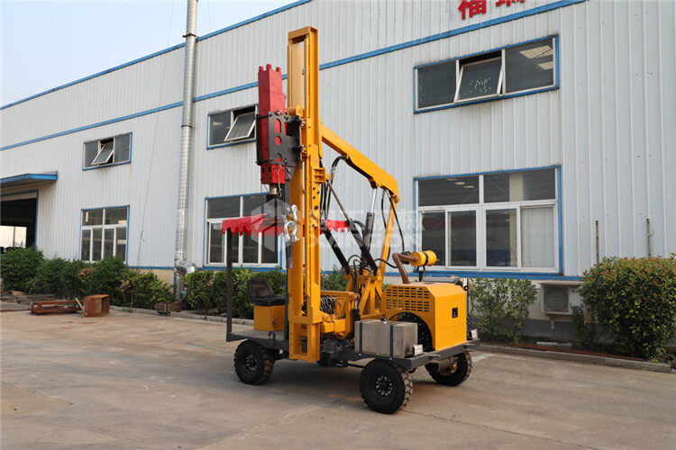 小四輪打樁機(jī)適用于公路護(hù)欄鉆孔、打樁、拔樁,其他各種場(chǎng)地打樁(農(nóng)場(chǎng)、園林、果園),公路野外工程施工。
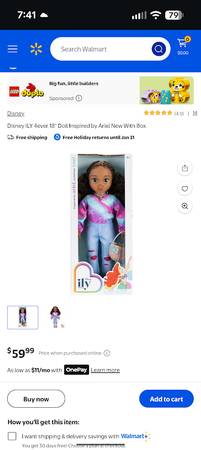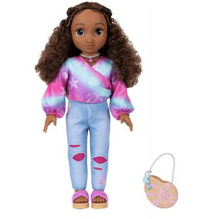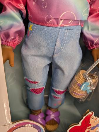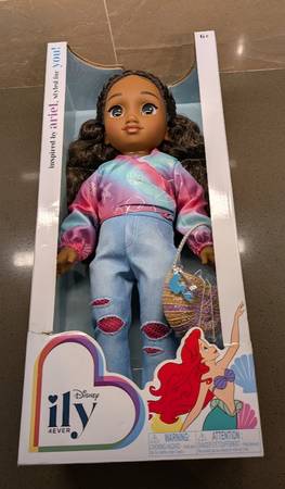This is a Disney ily 4EVER 18-inch doll, inspired by the beloved Disney favorite Disney character, Ariel. This doll has curly brown hair and big brown eyes and is ready for a seaside stroll. Her shimmery, iridescent blouse, jeans with "fish net" patches, and criss-cross sandals make the perfect outfit for a girl on the go. Never far from her love of the sea, she wears a scallop necklace and carries a shell-shaped handbag to hold all her thingamabobs, including her mermaid-shaped keychain. She's in NEW condition with original box and located on the west side.
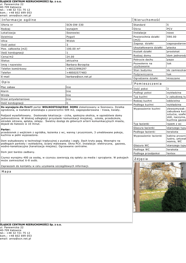 ŚLĄSKIE CENTRUM NIERUCHOMOŚCI Sp. z o.o. ul. Panewnicka 22 40-709 Katowice tel.: +48 32 721 75 12 kom.: +48 602 699 053 email: [email protected] Informacje ogólne Nieruchomość Oferta nr SCN-DW-330 Standard 5 Rodzaj wynajem Okna PCV Lokalizacja Sosnowiec Instalacje nowe Dzielnica Pogoń Widok Powierzchnia działki [m2] 590.00 Ulica Ilość pokoi 3 Zagosp. działki zagospodarowa 100.00 m² Ukształtowanie działki płaska Ilość kondygnacji 1 Kształt działki prostokat Cena/m2 24.00 Rodzaj domu dom jednorodz aktualna Pokrycie dachu papa Imię i nazwisko Barbara Borzęcka Pozwolenie na użytkowanie tak Telefon komórkowy +48322996297 Stan budynku do zamieszkan Telefon +48502577483 Podpiwniczenie tak E-mail [email protected] Ogrodzenie działki mieszane Pow. całkowita [m2] Status Opis Pomieszczenia Plac zabaw nie Alarm nie Winda nie Drzwi antywłamaniowe nie Ilość kondygnacji 1 Ilość pokoi 3 Podłogi pokoi wykładzina Typ kuchni z zabudową ku Rodzaj kuchni oddzielna Podłoga kuchni wykładzina Do wynajęcia dla firm!!! parter WOLNOSTOJĄCEGO DOMU zlokalizowany w Sosnowcu. Działka ogrodzona, w kształcie prostokąta o powierzchni 509 m2, zagospodarowana - trawa, kwiaty. Wyposażenie kuchni Podjazd wyasfaltowany. Doskonała lokalizacja - cicha, spokojna okolica, w sąsiedztwie domy jednorodzinne. W bliskiej odległości przystanki komunikacji miejskiej, szkoła, przedszkole, ośrodek zdrowia, apteka, sklepy. Świetny dostęp do głównych arterii komunikacyjnych miasta, dojazd do Katowic w 10 minut. zlewozmywak z zabudowa kuch sztućce, szafki stół, naczynia, kuchnia gazow Typ łazienki razem z wc Glazura łazienki starszego typu Podłoga łazienki terakota Wyposażenie łazienki kabina prysznic lustro, umywal wanna, WC Glazura WC starszego typu Podłoga WC terakota Podłoga przedpokoi lentex Parter: przedsionek z wejściem z ogródka, łazienka z wc, wanną i prysznicem, 3 umeblowane pokoje, kuchnia w pełni wyposażona. Dom wybudowany w technologii tradycyjnej z pustaka i cegły. Dach kryty papą. Wewnątrz na podłogach parkiety i wykładzina, ściany malowane. Okna PCV. Instalacje: elektryczna, gazowa, wodno-kanalizacyjna (kanalizacja miejska). Ogrzewanie centralne. Dom jest bardzo zadbany. Czynsz wynajmu 400 za osobę, w czynszu zawierają się opłaty za media i sprzątanie. W pokojach może zamieszkać 6-8 osób. Zapraszam do kontaktu w celu uzyskania szczegółowych informacji. Mapa ŚLĄSKIE CENTRUM NIERUCHOMOŚCI Sp. z o.o. ul. Panewnicka 22 40-709 Katowice tel.: +48 32 721 75 12 kom.: +48 602 699 053 email: [email protected] Zdjęcia
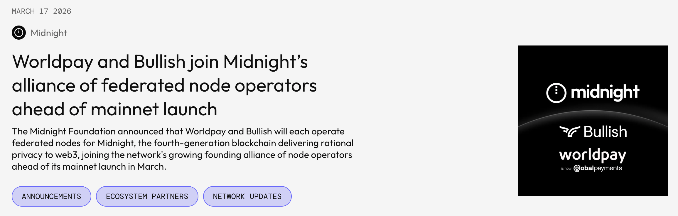 Tính đến thời điểm này, @MidnightNetwork đã confirm 9 founding node operators sẽ tham gia vào mạng lưới bao gồm Google Cloud, Worldpay ($3.7T payments/năm, 6 triệu merchants), MoneyGram (200+ quốc gia), Bullish, eToro, Vodafone Pairpoint, AlphaTON/Telegram, Blockdaemon và Shielded Technologies. Điểm đáng chú ý không phải là số lượng mà là sự đa dạng — payments, exchange, telco, remittance, AI agent.
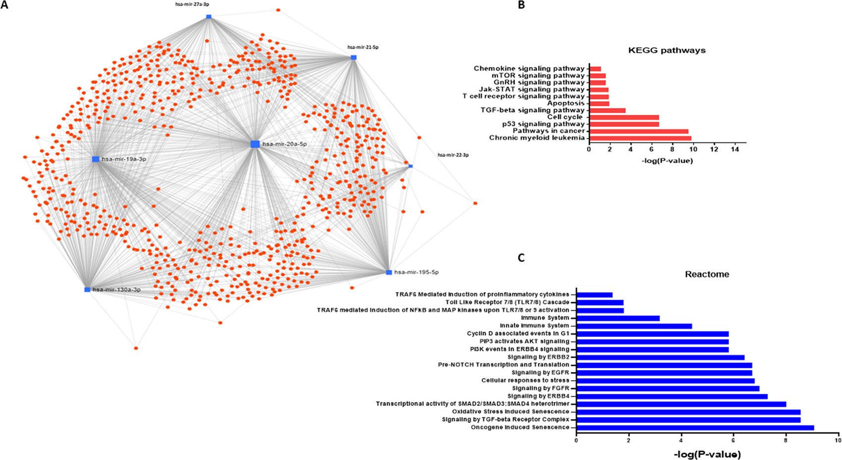 The Firefly miRNA multiplex assay (Firefly™ bioworks, Cambridge, USA) was used to profile EV-associated miRNA isolated from CAL27 cells and cells in different conditions (non-challenged and challenged with 25 mM ethanol) for a targeted list of 68 miRNAs in the oncogenic panel. Total RNA (12 μl) was used to run the Firefly standard protocol and the abundance of RNA probes analyzed with a Millipore Guava 8HT flow cytometer (EMD Millipore). Analysis and visualization of data were performed using a Firefly™ Analysis Workbench. Intensities were transformed to log ratio for each probe. Negative control values for each probe was subtracted from each sample and normalization was done based on the geometric mean of most stable reference genes based on the software built in the algorithm. Signal log ratios were computed by using a t-test and false discovery rate was controlled at 5% using the Benjamini-Hochberg procedure. The identified miRNAs were clustered in by K mean clustering method and heat-map was constructed. The miRNAs that were specifically enriched in EVs were subjects to functional network analysis through miRNet which combine the target interaction data from 11 well-annotated miRNA datasets including PhenomiR, SM2miR, TarBase, HMDD, PharmacomiR and miR2Disease (27). Network visualization and functional enrichment analysis were performed based on Reactome, Gene Ontology, and KEGG to identify dysregulated pathways associated with enriched miRNAs in EVs by a hypergeometric test as well as small molecules interactions (27).
______
# What is expected
Print each record as it appears above, dropping every picture from the copy.

# Response box
 小四輪打樁機(jī)適用于公路護(hù)欄鉆孔、打樁、拔樁,其他各種場(chǎng)地打樁(農(nóng)場(chǎng)、園林、果園),公路野外工程施工。
This is a Disney ily 4EVER 18-inch doll, inspired by the beloved Disney favorite Disney character, Ariel. This doll has curly brown hair and big brown eyes and is ready for a seaside stroll. Her shimmery, iridescent blouse, jeans with "fish net" patches, and criss-cross sandals make the perfect outfit for a girl on the go. Never far from her love of the sea, she wears a scallop necklace and carries a shell-shaped handbag to hold all her thingamabobs, including her mermaid-shaped keychain. She's in NEW condition with original box and located on the west side.
 ŚLĄSKIE CENTRUM NIERUCHOMOŚCI Sp. z o.o. ul. Panewnicka 22 40-709 Katowice tel.: +48 32 721 75 12 kom.: +48 602 699 053 email: [email protected] Informacje ogólne Nieruchomość Oferta nr SCN-DW-330 Standard 5 Rodzaj wynajem Okna PCV Lokalizacja Sosnowiec Instalacje nowe Dzielnica Pogoń Widok Powierzchnia działki [m2] 590.00 Ulica Ilość pokoi 3 Zagosp. działki zagospodarowa 100.00 m² Ukształtowanie działki płaska Ilość kondygnacji 1 Kształt działki prostokat Cena/m2 24.00 Rodzaj domu dom jednorodz aktualna Pokrycie dachu papa Imię i nazwisko Barbara Borzęcka Pozwolenie na użytkowanie tak Telefon komórkowy +48322996297 Stan budynku do zamieszkan Telefon +48502577483 Podpiwniczenie tak E-mail [email protected] Ogrodzenie działki mieszane Pow. całkowita [m2] Status Opis Pomieszczenia Plac zabaw nie Alarm nie Winda nie Drzwi antywłamaniowe nie Ilość kondygnacji 1 Ilość pokoi 3 Podłogi pokoi wykładzina Typ kuchni z zabudową ku Rodzaj kuchni oddzielna Podłoga kuchni wykładzina Do wynajęcia dla firm!!! parter WOLNOSTOJĄCEGO DOMU zlokalizowany w Sosnowcu. Działka ogrodzona, w kształcie prostokąta o powierzchni 509 m2, zagospodarowana - trawa, kwiaty. Wyposażenie kuchni Podjazd wyasfaltowany. Doskonała lokalizacja - cicha, spokojna okolica, w sąsiedztwie domy jednorodzinne. W bliskiej odległości przystanki komunikacji miejskiej, szkoła, przedszkole, ośrodek zdrowia, apteka, sklepy. Świetny dostęp do głównych arterii komunikacyjnych miasta, dojazd do Katowic w 10 minut. zlewozmywak z zabudowa kuch sztućce, szafki stół, naczynia, kuchnia gazow Typ łazienki razem z wc Glazura łazienki starszego typu Podłoga łazienki terakota Wyposażenie łazienki kabina prysznic lustro, umywal wanna, WC Glazura WC starszego typu Podłoga WC terakota Podłoga przedpokoi lentex Parter: przedsionek z wejściem z ogródka, łazienka z wc, wanną i prysznicem, 3 umeblowane pokoje, kuchnia w pełni wyposażona. Dom wybudowany w technologii tradycyjnej z pustaka i cegły. Dach kryty papą. Wewnątrz na podłogach parkiety i wykładzina, ściany malowane. Okna PCV. Instalacje: elektryczna, gazowa, wodno-kanalizacyjna (kanalizacja miejska). Ogrzewanie centralne. Dom jest bardzo zadbany. Czynsz wynajmu 400 za osobę, w czynszu zawierają się opłaty za media i sprzątanie. W pokojach może zamieszkać 6-8 osób. Zapraszam do kontaktu w celu uzyskania szczegółowych informacji. Mapa ŚLĄSKIE CENTRUM NIERUCHOMOŚCI Sp. z o.o. ul. Panewnicka 22 40-709 Katowice tel.: +48 32 721 75 12 kom.: +48 602 699 053 email: [email protected] Zdjęcia
 Tính đến thời điểm này, @MidnightNetwork đã confirm 9 founding node operators sẽ tham gia vào mạng lưới bao gồm Google Cloud, Worldpay ($3.7T payments/năm, 6 triệu merchants), MoneyGram (200+ quốc gia), Bullish, eToro, Vodafone Pairpoint, AlphaTON/Telegram, Blockdaemon và Shielded Technologies. Điểm đáng chú ý không phải là số lượng mà là sự đa dạng — payments, exchange, telco, remittance, AI agent.
 The Firefly miRNA multiplex assay (Firefly™ bioworks, Cambridge, USA) was used to profile EV-associated miRNA isolated from CAL27 cells and cells in different conditions (non-challenged and challenged with 25 mM ethanol) for a targeted list of 68 miRNAs in the oncogenic panel. Total RNA (12 μl) was used to run the Firefly standard protocol and the abundance of RNA probes analyzed with a Millipore Guava 8HT flow cytometer (EMD Millipore). Analysis and visualization of data were performed using a Firefly™ Analysis Workbench. Intensities were transformed to log ratio for each probe. Negative control values for each probe was subtracted from each sample and normalization was done based on the geometric mean of most stable reference genes based on the software built in the algorithm. Signal log ratios were computed by using a t-test and false discovery rate was controlled at 5% using the Benjamini-Hochberg procedure. The identified miRNAs were clustered in by K mean clustering method and heat-map was constructed. The miRNAs that were specifically enriched in EVs were subjects to functional network analysis through miRNet which combine the target interaction data from 11 well-annotated miRNA datasets including PhenomiR, SM2miR, TarBase, HMDD, PharmacomiR and miR2Disease (27). Network visualization and functional enrichment analysis were performed based on Reactome, Gene Ontology, and KEGG to identify dysregulated pathways associated with enriched miRNAs in EVs by a hypergeometric test as well as small molecules interactions (27).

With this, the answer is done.